= Given material =
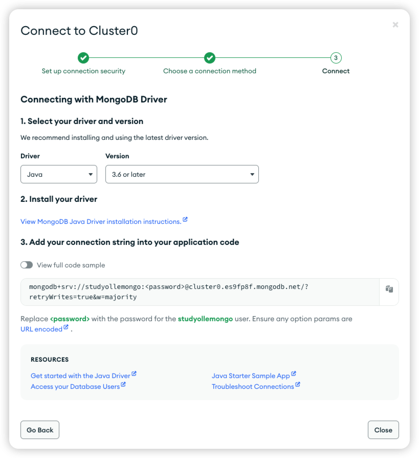 uri: mongodb+srv://studyollemongo:<password>@cluster0.es9fp8f.mongodb.net/studyolle?retryWrites=true&w=majority
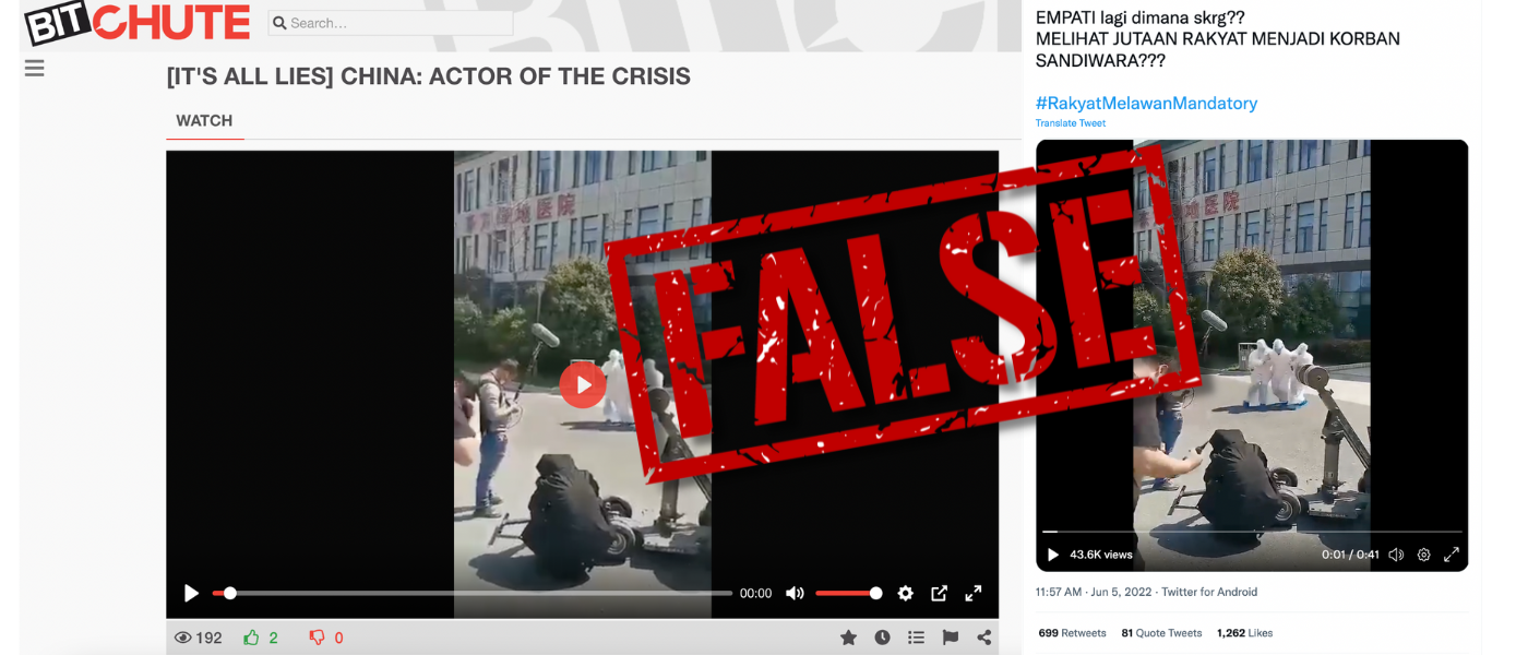 The same video has also been posted on Bitchute with the title “[IT’S ALL LIES] CHINA: ACTOR OF THE CRISIS,” along with hashtags #vaccine and #genocide. The clip was also viewed and shared across other social media platforms such as Telegram and Reddit.
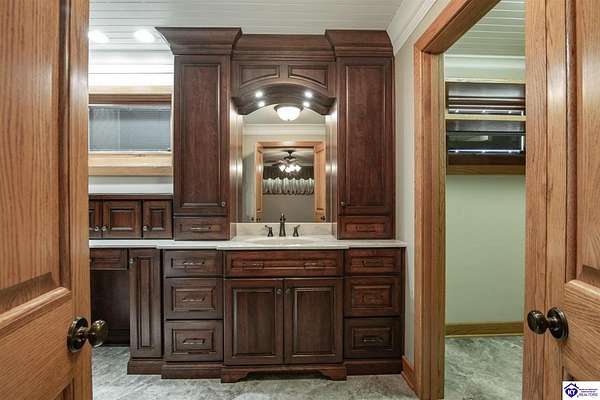 Welcome to 260 Bates Road in Elizabethtown -- a rare opportunity to own 5.03 acres in the desirable Forest Springs subdivision less than 1 mile from Ring Road. This sprawling brick ranch offers approximately 2,867 square feet above grade plus a full basement, providing over 4,000 square feet of total living space. The main level features a welcoming foyer, kitchen with island, custom cabinetry, and breakfast nook, open floorplan that incorporates kitchen, dining, and comfortable living room together, sunroom overlooking the backyard, laundry room, 1/2 bath, private primary suite with its own bath, and 2 more spacious bedrooms and full bathroom. Finishes include hardwood & ceramic flooring, custom shelving, granite, solid wood trim, and much more. The full basement expands your living options with a family room, additional bedroom and full bath, plus unfinished space with direct access to the attached garage -- ideal for storage, hobbies, or future expansion. Outdoors, enjoy the patio and firepit area nestled in the serene backyard with woods to one side, offering privacy and room to roam that's hard to find this close to town. A detached garage provides additional space for vehicles, equipment, or workshop needs. Located just minutes from I-65, this property offers quick access for commuters to Louisville or Bowling Green while remaining close to Baptist Health Hardin, shopping, restaurants, and everyday conveniences in Elizabethtown. If you've been looking for acreage, space, and location all in one package -- this is it.

= Your objective =
Go through the data above and print exactly the lines from its first line through the line holding "The same video", both included, leaving pictures aside.

= Your solution =
 uri: mongodb+srv://studyollemongo:<password>@cluster0.es9fp8f.mongodb.net/studyolle?retryWrites=true&w=majority
 The same video has also been posted on Bitchute with the title “[IT’S ALL LIES] CHINA: ACTOR OF THE CRISIS,” along with hashtags #vaccine and #genocide. The clip was also viewed and shared across other social media platforms such as Telegram and Reddit.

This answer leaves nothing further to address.